# E65 (2005 745LI) Complete Audio Overhaul - HELP



## hulklg (Sep 22, 2006)

Hello all,

I am looking to completely redo the sound system in my 745LI. I want to replace all the speakers, add a sub, dynamat the car, add new amps for the mids and highs and one for the sub.

Has anyone done such an extensive overhaul? If so, please post suggestions, or websites or places I can check out. I live in San Diego.

I have the premium sound system currently with the Logic 7 and it sounds like hot trash. Especially the speed/volume control is absolutely terrible and I want to get it completely taken out.

Thanks in advance for any and all suggestions on how to go about this. I am expecting to spend 10-15K on this system upgrade.

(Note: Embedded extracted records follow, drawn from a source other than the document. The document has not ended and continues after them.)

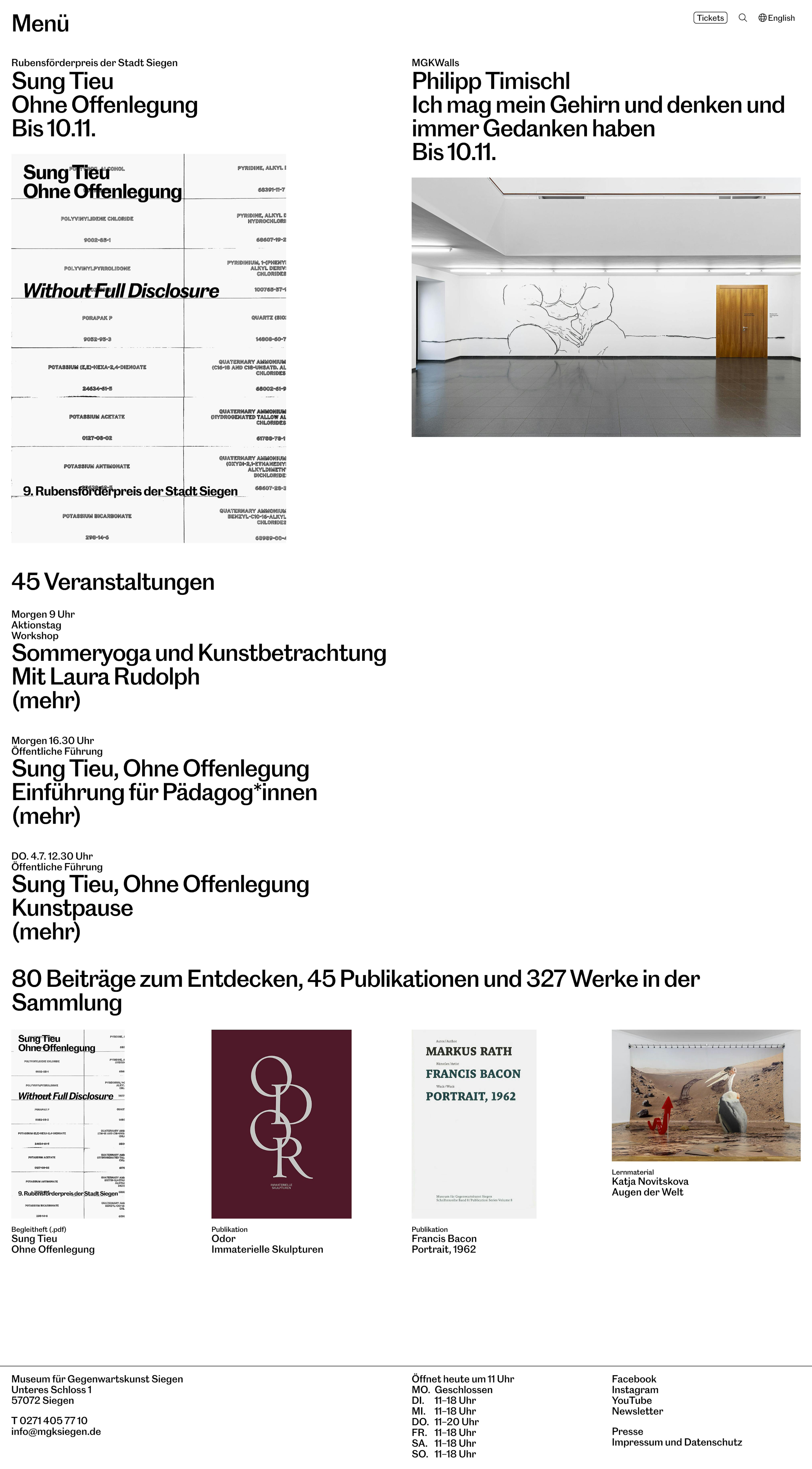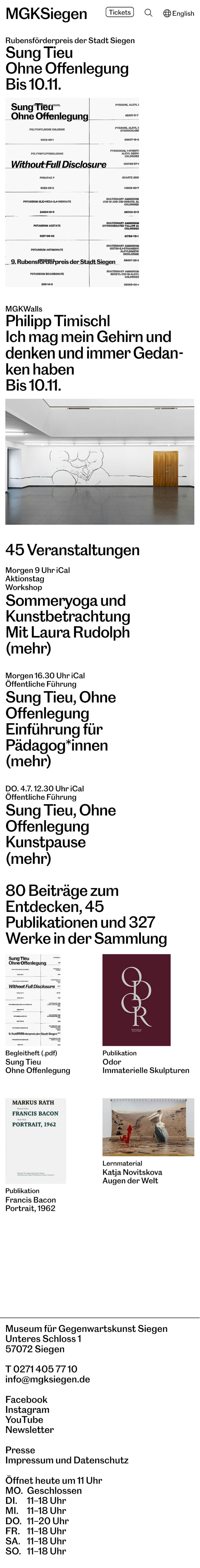 Since its opening in 2001, the Museum für Gegenwartskunst Siegen has operated as an internationally oriented art museum. Its exhibition programme, collection and wide range of educational opportunities mean that the museum offers its visitors fresh perspectives on contemporary art and its history. The MGKSiegen sees itself as an open museum awakening enthusiasm for current art production and also providing innovative impulses in research. As an important cultural beacon in the region of Southern Westphalia, closely linked to the city and the university, the museum is firmly anchored in the region’s cultural life.
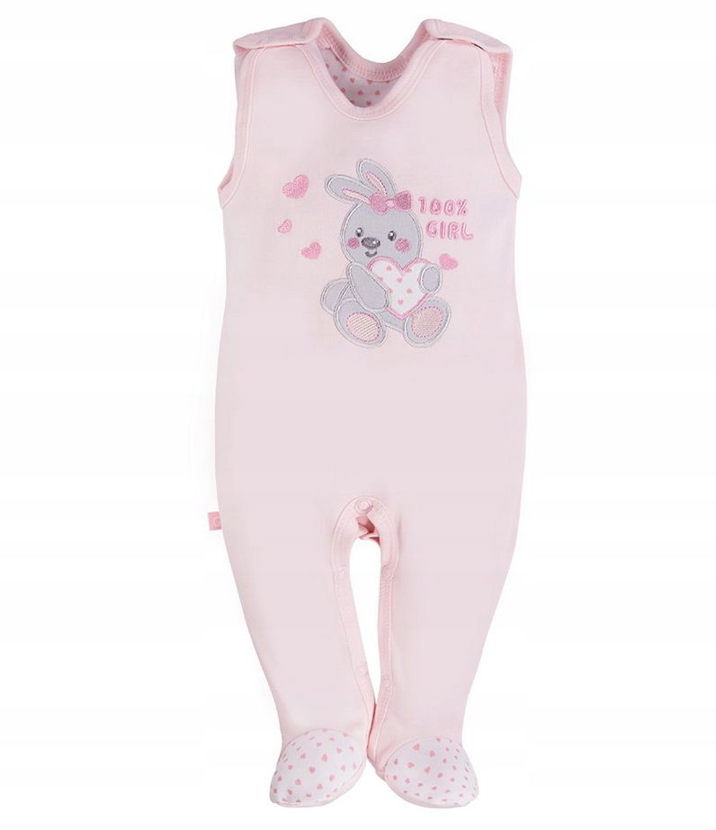 Śpioch uszyty z miękkiej i przyjemnej w dotyku melanżowej dzianiny bawełnianej. Z przodu znajduje się duży haft uroczego zwierzątka. Krój umożliwia całkowite rozpięcie na ramionkach oraz w kroczku, przez co ubranko jest funkcjonalne i wygodne. Wykończony jest miękką lamówką.
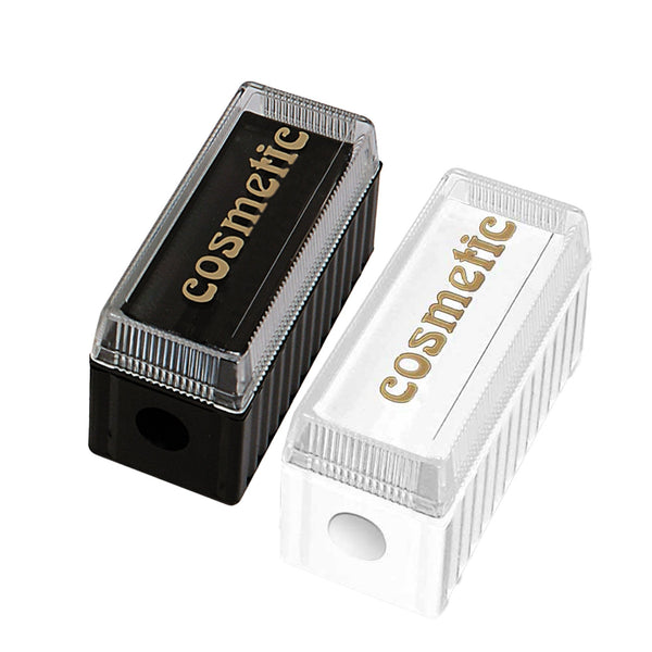 Temperamatite cosmetico con specchio. Serbatoio rettangolare a 2 fori.
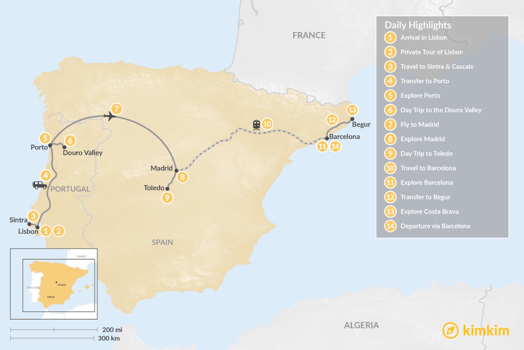 Map of Highlights of Spain & Portugal: Cities, Beaches, & Culture – 14 Days
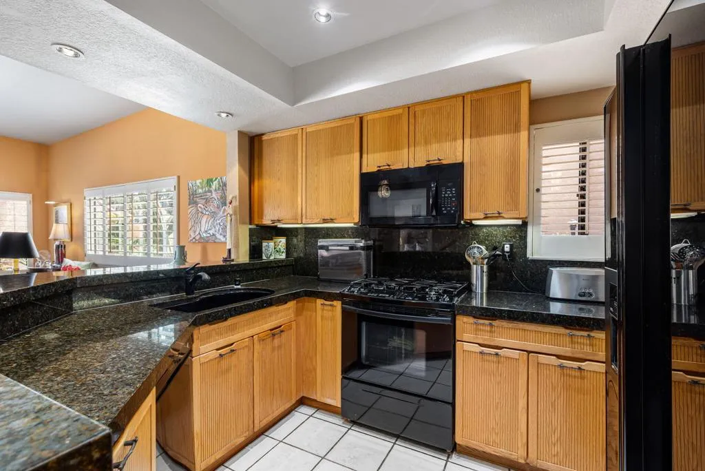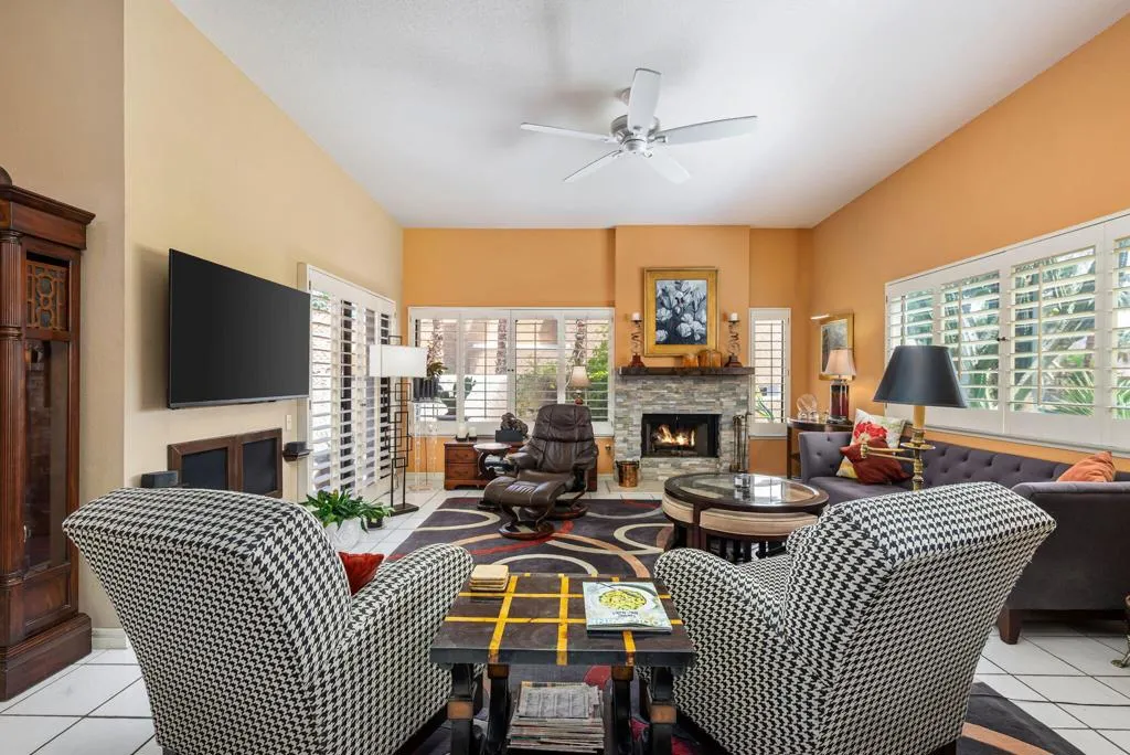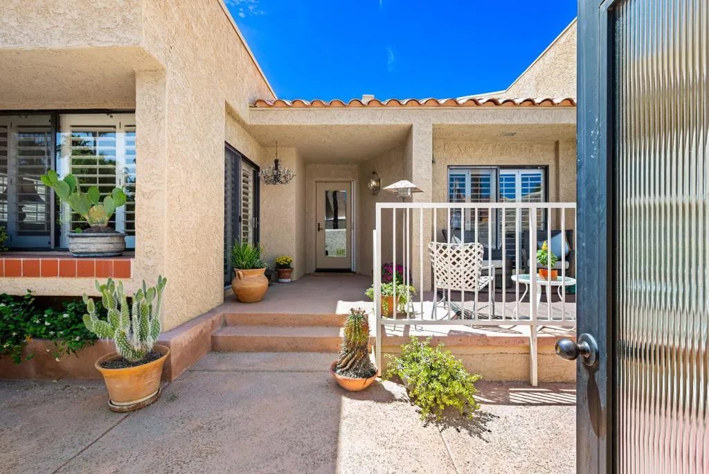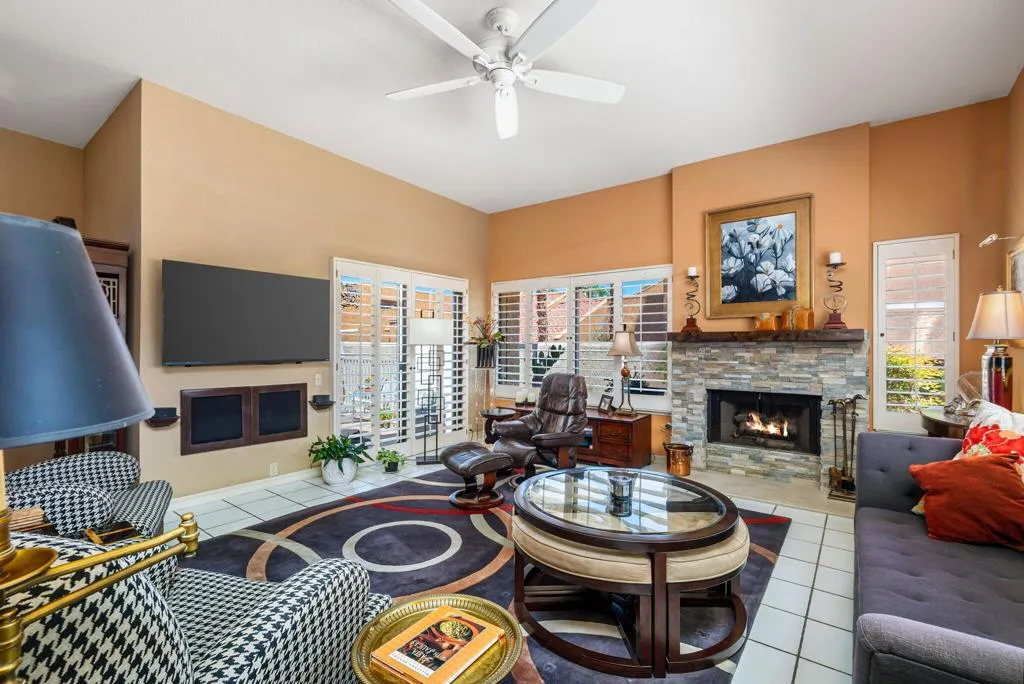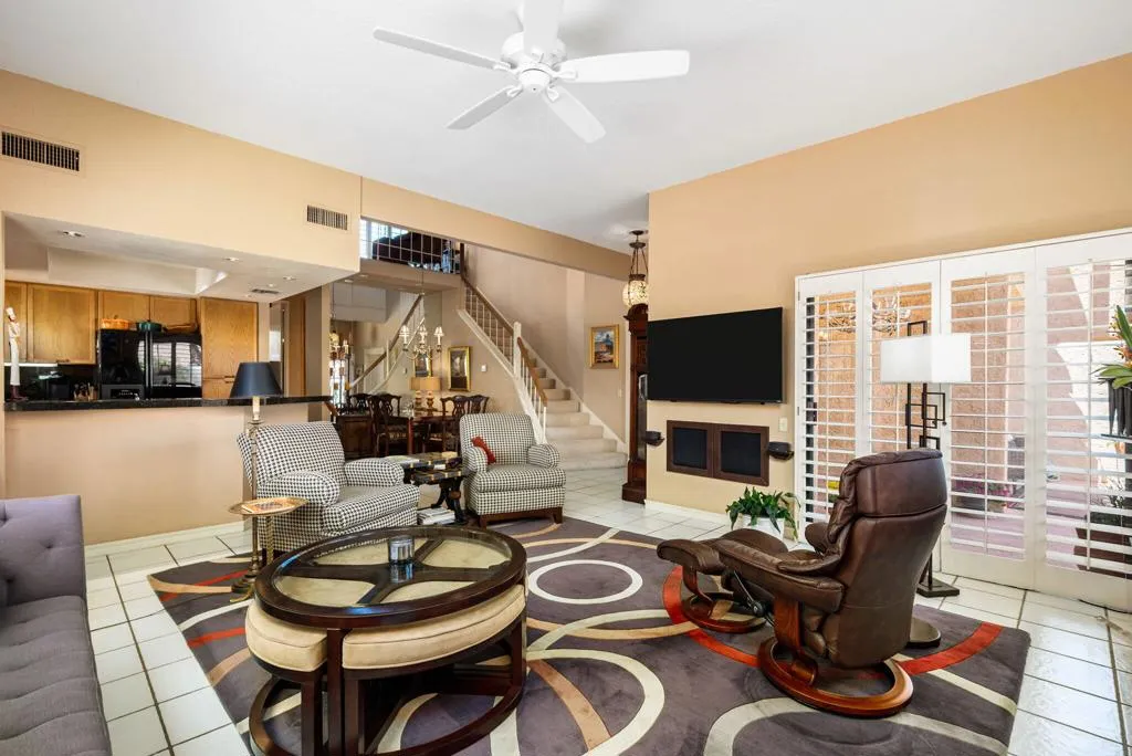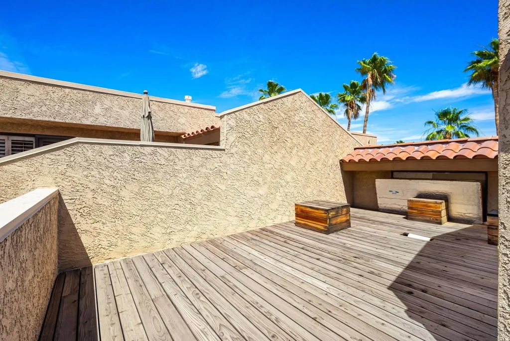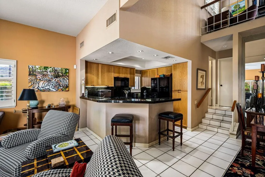 Perfectly-positioned END UNIT in a quiet, interior location inside the gates of Ironwood Country Club - one of the desert's preeminent social and golfing communities! Featuring GREAT VIEWS literally from inside your living room, this upgraded villa is offered FURNISHED and move-in ready - a rare gem offering peace, privacy, and scenic views inside and out. Truly the most coveted of the Courtyard floor plans, this condo is oversized and designed with TWO master suites on the lower level providing comfort and convenience. The heart of the home is the open-concept living room surrounded by natural light from three walls of windows and showcasing a beautifully REMODELED stack-stone gas fireplace with mantle. High ceilings, soothing desert wall colors, and a picture window that frames the gorgeous mountain views, deep blue skies, and swaying palms. The kitchen is efficiently laid out with granite countertops, GAS range, bar seating, and everything you need to entertain while providing plenty of storage. Adjacent to the kitchen is an intimate dining area, dedicated to fun times and good food, casual or elegant. The upper level is a versatile loft that looks out over the living space - providing an ideal sanctuary for a library, home office, or flexible overflow 3rd bedroom for weekend guests. From the loft, step outside to your private wraparound sun deck and soak in the panoramic mountain views - or take advantage of the dark desert skies (with no overhead street lights!) and stargaze with a cocktail. Large 2-car garage offers convenient direct access into the home and additional storage. Outside enjoy your own private, walled, oversized courtyard, perfect for lounging or dining. Nearby, you have your choice of two sparkling pools/spas. Whether you're seeking a full-time residence, seasonal getaway, or investment opportunity, this condo with its great layout, views, finishes, and serene setting delivers on every level. Ironwood CC is an upscale and diverse community featuring two 18-hole championship golf courses, a recently renovated clubhouse, state-of-the-art fitness center, tennis, pickleball, and year round dining and social events. Just a golf cart ride to El Paseo with its high-end shopping, dining, galleries, luxury shops, grocery and services. Minutes to College of the Desert, McCallum Theater, and Palm Springs Int'l.

Thanks again for your help,
LG


----------



## el_duderino (Aug 1, 2005)

La Jolla Audio, just off of I-5, would be my recommendation. 

It would be easier to completely jettison it than to do what they will need to do... but talk to them and they can take care of you.


----------



## hulklg (Sep 22, 2006)

el_duderino said:


> La Jolla Audio, just off of I-5, would be my recommendation.
> 
> It would be easier to completely jettison it than to do what they will need to do... but talk to them and they can take care of you.


Thanks for the response boss. I am very familiar with La Jolla Audio. Last year I purchased a 2005 Infinity G35 coupe and I went to them first to get a quote.

Lets just say the price quoted was ridiculous!!!! They wanted $10,000 to install the system and $2000 to install the Viper 791VX alarm!?!??!?!!

I went to progressive mobile in Point Loma and they did the EXACT same work for $3000 TOTAL.

Basically I had the same thing done to the G35 that I want done to the 745. I had the entire car dynamated, all speakers replaced with the DLS Iridiums (I checked out your website and saw that you carry DLS - beautiful sounding speakers aren't they?), installed two Zapco amps, Alpine IVA-D901 flip face in front with six disc changer in dash and navigation. custom sub box built for an IDMAX and install the Viper alarm.

I really wanted to go to a shop that was familiar with doing such an exstensive setup on a 745 WITHOUT the exorbinant prices. I check with Progressive and they have'nt done a job like this on a 7 series.

A $45K car and a $95K car are a bit different. I tend to be a bit more cautious with the 7 series if you know what I mean.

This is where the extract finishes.